Edit: if "interrupt the cipher unannounced" is dissolving his ego boundary thru lyrical immersion and temporarily realizes he wants to bang a swole fox. Was he "highsexual" at the time too


also any work calling someone a "wimp" is amusing considering that kind of "wimpification" art exists, lol. Eh guess it's not called that but like "muscle drain" nerd TF


----------



## Ginza (Jun 7, 2018)

Frisky1753 said:


> if you a canine you can be both swole and swell
> 
> Edit: if "interrupt the cipher unannounced" is dissolving his ego boundary thru lyrical immersion and temporarily realizes he wants to bang a swole fox.
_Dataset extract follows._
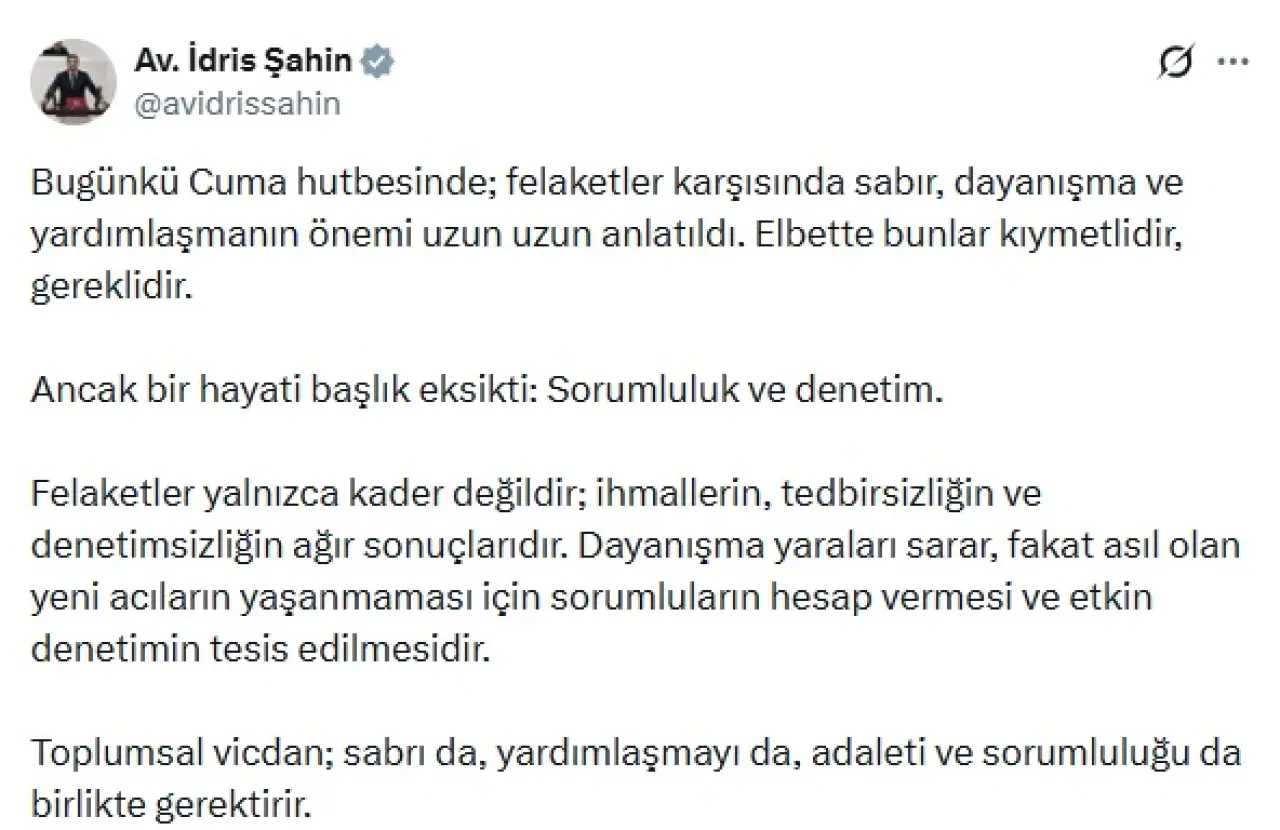 “Bugünkü Cuma hutbesinde; felaketler karşısında sabır, dayanışma ve yardımlaşmanın önemi uzun uzun anlatıldı. Elbette bunlar kıymetlidir, gereklidir. Ancak bir hayati başlık eksikti: Sorumluluk ve denetim. Felaketler yalnızca kader değildir; ihmallerin, tedbirsizliğin ve denetimsizliğin ağır sonuçlarıdır. Dayanışma yaraları sarar, fakat asıl olan yeni acıların yaşanmaması için sorumluların hesap vermesi ve etkin denetimin tesis edilmesidir. Toplumsal vicdan; sabrı da, yardımlaşmayı da, adaleti ve sorumluluğu da birlikte gerektirir.”

Was he "highsexual" at the time too
> 
> ...



OwO I am indeed both swole and SWELL if you know what I mean
>;3


----------



## AppleButt (Jun 7, 2018)

Yakamaru said:


> For some reason I expected this thread to make zero sense. I was not disappointed.



Yet he is so fun to read!


----------



## Friskyaa123 (Jun 7, 2018)

hahahahaha minus the muscle drain fetish I don't think some 'straight' guys realize they might be getting off on the 'other guy is an unswole pathetic nerd' dynamic. This guy Kali Muscle talking about the unswole nerds need to get on Pornhub and stuff, flol. Also sneaking suspicion he's a rhino furry

Edit: by coincidence he was /on/ Pornhub flol


----------



## Friskyaa123 (Jun 8, 2018)

"gayrapperjokesgayfurryrapperjokes" character count is 33, illuminati


----------